Harald schaute sich wie suchend um.

»Findest du nicht auch, daß der fadenscheinige Teppich arg verrutscht ist?!«

Er ging zum Bett, dessen blaue billige Decke bis zu den Dielen herabhing, hob die Decke hoch, bückte sich und faßte unter das Bett und zog den leblosen Körper des alten Mannes hervor.

Alarich Gepps weiße Perücke war in den Nacken geglitten, der Bart hing halb herab, und die Stricke um Hände und Füße und der Knebel im Munde sowie eine blutrünstige Stelle vorn am Haaransatz besagten alles.

Dies war unser Wiedersehen mit Gepp nach sechstägiger Trennung.

Nun, Gepp hatte eine Pferdenatur, und als er erst leidlich wieder bei Sinnen war, meinte er erstaunt:

»Ich hätte dem Moritz niemals die Kräfte zugetraut!

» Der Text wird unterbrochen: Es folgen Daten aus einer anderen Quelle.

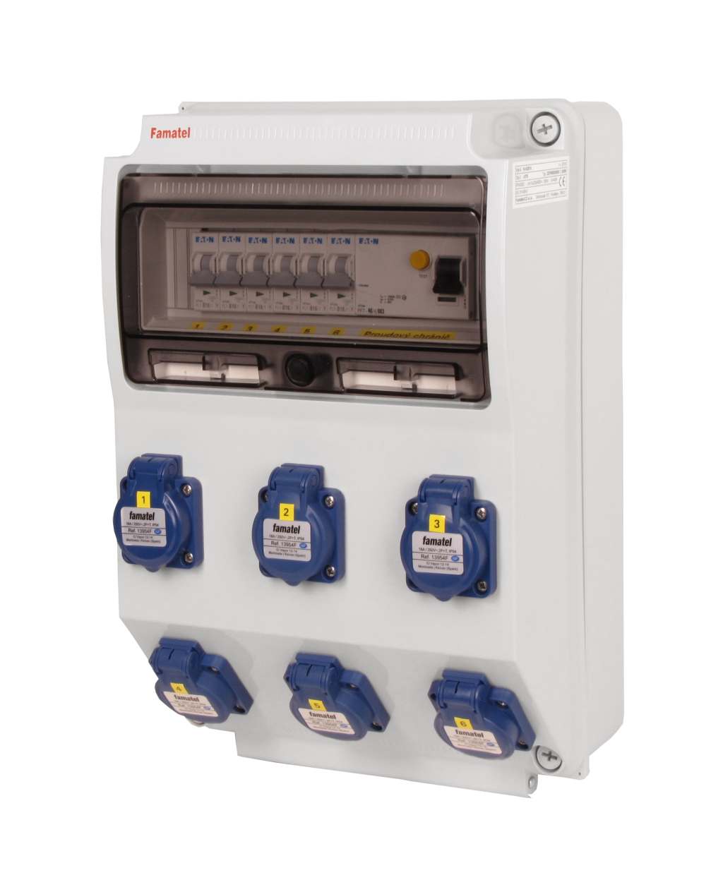 Zásuvková skříň FAMATEL v379-ZSF60000000.1 /3959 IP44 jištěná s chráničem 40/4/003, zásuvky 6x230V, přístroje EATON 10kA: 6xPL7-B16/1, PF7-40/4/003 na vstupu, použité pouzdro: 3959 - 398x266x153mm, barva: světle šedá.

Solch' ein buckliger Lump, kaum bin ich hier in der Stube, als er mir auch schon mit einem Gummiknüttel eins auswischte – und es genügte. – Ich danke Ihnen, Harst. Vielleicht hätten die Schufte mich kalt gemacht.«

Ich fiel so ziemlich aus allen Wolken.

»Moritz muß Sie verkannt haben,« verteidigte ich Freund Seligfeld.

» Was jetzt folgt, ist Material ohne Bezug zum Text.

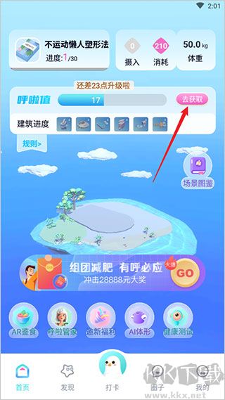2、每日进行记饮食、记运动、记体重打卡即可获取呼啦值;
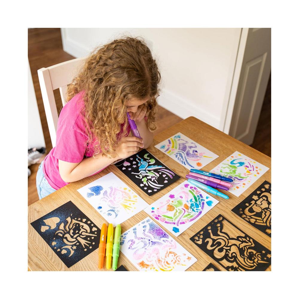 • 6 Reusable Stencils : Create magical designs and scenes with stencils that can be used again and again.

Gepp lächelte nur, und Harst sagte sichtlich amüsiert: »Natürlich – verkannt! Eine Krähe hackt der anderen doch mal die Augen aus.« Worauf Kriminalkommissar Gepp Harst mißbilligend anstarrte und meinte: »Sie sollten wissen, daß es in der Schweiz nur Raben und Dohlen gibt, Krähen sind selten.« Dann zog Gepp eine Tube Klebstoff hervor, klebte sich den Bart wieder fest, fischte unter dem Bett seinen Filz hervor und sagte gleichmütig: »Ich habe mich schon bedankt. Also leben Sie wohl, meine Herren. Ich arbeite nicht gern mit anderen zusammen. Die Diebstähle im Albana sind übrigens Bluff. – Auf Wiedersehen später ... Folgen Sie mir nicht. Es hätte keinen Zweck, ich habe unten ein geschlossenes kleines Auto bereit. Moritz Seligfeld wird sich wundern.«

»Sie auch, Herr Gepp!« rief Harald, aber Gepp schloß schon die Tür und stieg schnell die Treppen hinab.

Mein verdutztes Gesicht erweckte in Harsts rätselvoller Brust ein dröhnendes Gelächter.

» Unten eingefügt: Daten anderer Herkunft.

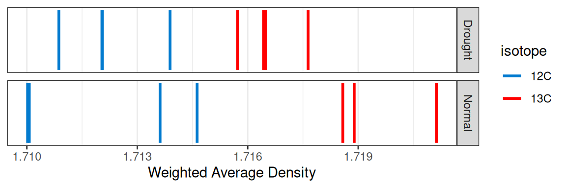 Again, we make a qSIP2 object for this data, this time as a qsip_sample_data object. The columns in the dataframe are assigned to the appropriate parameters, and any column names exactly matching the parameter name will automatically be identified. Similar to the source_data above, the names in the sample_data object will be modified from the original names to the standardized names.
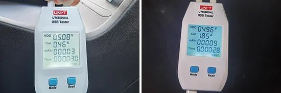 同时,我们对USB接口的电压与电流进行了测试,前排接口的电压电流分别为5.08V,0.46A。后排接口的电压电流分别为4.96V,1.85A。此外,该车前排USB Type-C接口上方配备了1个12V电源接口,方便为车内其它设备充电。

»Lieber Alter, du solltest ihn doch bereits kennen. Gepp ist ziemlich unverdaulich. Seine Herren Vorgesetzten behandelt er wie Hanswürste, mit den Kollegen spielt er Schindluder, und uns beide hält er für bessere Narren mit Detektivfimmel. Der Mann gefällt mir ausgezeichnet. Er ist in seiner Art zu redselig. Daß er die Diebstähle im Albana als Bluff bezeichnete, hat mich auf eine neue Spur geführt. – Gehen wir. Der Ober in unserem Hotel weiß alles, den werde ich fragen.«

Im Hotelbüro stand der Ober katzbuckelnd vor uns. Seine Verneigungen waren allzu devot. Sein Lächeln zu höflich. Sein Smoking saß zu tadellos. Seine Lackschuhe und Beinkleider waren ebenso erstklassig. »Bitte, fragen Sie, Herr Harst ...«

Harst im Schreibsessel musterte den Geschniegelten bewundernd. »Sind Sie schon lange im Albana, Herr Oberkellner?«

»Vier Jahre, Herr Harst.«

»Dann kennen Sie hier wohl so ziemlich alles und alle ...?«

»Gewiß, Herr Harst ... Haben Sie besondere Wünsche?«

»Sie brauchen sich nicht derart in Ueberhöflichkeit zu erschöpfen. Wir werden die Diebe fangen.«

»Oh, – mir fiele ein Stein vom Herzen ...«

»Hoffentlich ist der Stein harmloser als die Felsbrocken.«

»Pardon, – wie meinen Sie das, Herr Harst?«

»Ein Scherz ... – Seit wann ist der Hausierer Moritz Seligfeld hier?«

»Hm – vielleicht zwei Wochen ...«

»So ... so, zwei Wochen. Und Lady Hooy?«

Der elegante Ober stutzte. Sein zumeist kühl-verschlossenes Gesicht mit dem eingefrorenen Lächeln wurde starr, steinern.

»Seit wann also?«

»Oh – genau dreizehn Tage ...«

»Dreizehn, eine ominöse Zahl, Herr Ober. – Ist das Gemäuer über der Blockhütte des Herrn Oberspahn eine Burgruine und irgendwie zugänglich?«

»Verzeihung, – ein Gemäuer?! Das ist ein Irrtum, Herr Harst. Die Felsen machen nur den Eindruck von Ruinen. Die Gäste haben die Bergkuppe Geisterberg getauft, weil man in den zackigen Felsen verschiedentlich Licht gesehen haben will, aber das ist natürlich ein Märchen, die Kuppe ist noch nie erklettert worden. Lord Percy Hooy machte im vorigen Herbst den Versuch, aber ...«

»War die Mutter Lord Percys einmal hier in St. Moritz?«

Harsts Maschinengewehrfeuer von Fragen ließ den Ober stottern ...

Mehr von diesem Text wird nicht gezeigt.